Two large disputing blocs represented by the main contenders, the National Party and the Libre Party, make up the landscape ahead of the November elections. The “continuity bloc” of the neoliberal-authoritarian project is led by the National Party, an expression of the kleptocratic elite serving as a political tool for the emerging elites that consolidated politically and economically after the 2009 coup. This bloc is strongly supported by the Armed Forces, Evangelical churches, and mainstream media—i.e. those that have benefitted throughout the last decade. To exert its influence, the National Party relies on public and private resources—money, favoritism and political patronage, public institutions, legal services—as well as U.S. support. Despite the fact that both the current president and the National Party’s presidential candidate, Nasry Asfura, have been named in corruption cases and large-scale drug trafficking schemes, they have not received condemnation nor sanctions, as has been the case  in countries not in line with U.S. regional policy.

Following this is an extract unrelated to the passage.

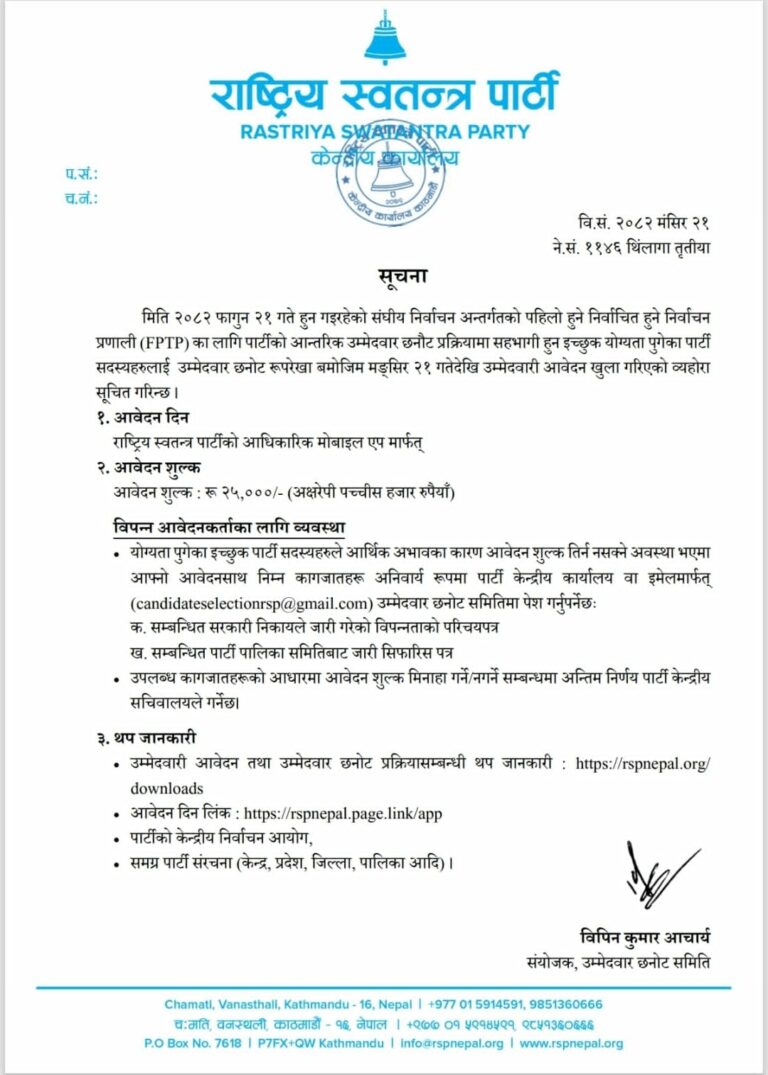 पार्टीको मोबाइल एपबाट आवेदन मागिएको छ आवेदन शुल्क २५ हजार तोकिएको छ ।

The opposition bloc—or the "bloc of rupture from neoliberal authoritarianism"—is composed of social actors affected by the model installed after the coup. It has been organized, fundamentally, within social and territorial movements that maintain a temporary alliance with the Libre Party, founded by Manuel Zelaya after he was deposed in 2009. With Xiomara Castro as its candidate, Libre proposes a “new economic model” and what it calls a “refounding of the state.” However, within this bloc, made up of social and popular movements, there are differences of opinion regarding how to execute this new model. Broad sectors including members of civil society, public intellectuals, and grassroots Catholics have gathered around this bloc to fight to reclaim public institutions. Their resources, however, are limited. Their power depends in large part on territorial organization and access to alternative media.

Finally, there is also a third bloc that functions as a pivot in a possible negotiation scenario. This bloc is made up of traditional elite sectors close to opposition parties—mainly the Liberal Party and the Salvador de Honduras Party—that are vying to regain control over public institutions and the rule of law as means to restore the profitability of their businesses. However, these sectors oppose a project that implies an “alternative economic model” as proposed by the “bloc of rupture.” This places them in a middle ground position from which they could negotiate electoral or institutional support in the event of conflict or a transition.

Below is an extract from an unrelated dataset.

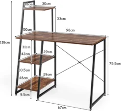 Dieser Computertisch ist perfekt für das Homeoffice, dessen schlichter, eleganter Stil gut zu Ihrer Einrichtung passen wird. Seine breite Tischplatte ermöglicht eine ordentliche Umgebung, so können Sie sich auf das Arbeiten, Spielen, Lesen, usw. konzentrieren. Dank der 4-stufigen offenen Ablageflächen ist alles in Reichweite. Auf diese Weise müssen Sie sich keine Sorgen machen, lange suchenzu müssen. Es ist auch eine gute Idee, Ihr Lieblingsornament oder Ihre Pflanzen auf dem offenen Regal auszustellen. Weitere Merkmale wie die robuste Metallstruktur, die verstellbaren Fußauflagen und die leicht zu reinigende Oberfläche warten darauf, von Ihnen entdeckt zu werden.
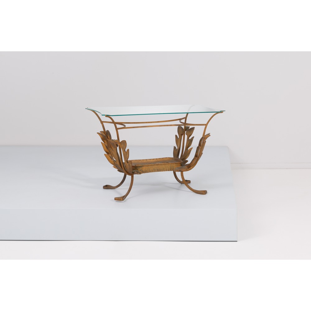 Tavolo da caffè, piano rettangolare con bordi sagomati in vetro, base in metallo con elementi fogliaci.

There are two probable scenarios. The first would be a repeat of what happened in 2017: a fraudulent victory for the National Party, eventually imposing the governing party despite broad national mobilizations rejecting the outcome and calls from the international community to redo the elections. The other scenario would be a victory for Libre, but without a majority in the legislature. This would provoke serious challenges to its institutional refoundation agenda and would allow the National Party to systematically boycott Libre from within Congress and from within different public institutions, since the next Congress will elect officials to diverse institutional bodies. This does not mean we should rule out other possible scenarios of extreme polarization and political violence that could lead to a coup d’etat or suspension of the electoral process.

Monitoring respect for the popular will, supporting the restoration of democratic spaces, and bolstering reforms that improve the democratic electoral system and confidence in public institutions will be key for all sectors that seek to reclaim democracy and institutions in Honduras.

Christian Duarte is an economist from the National Autonomous University of Honduras (UNAH) and a graduate student in government and public affairs at the Latin American Department of Social Sciences (FLACSO). He is a member of the Libre Party.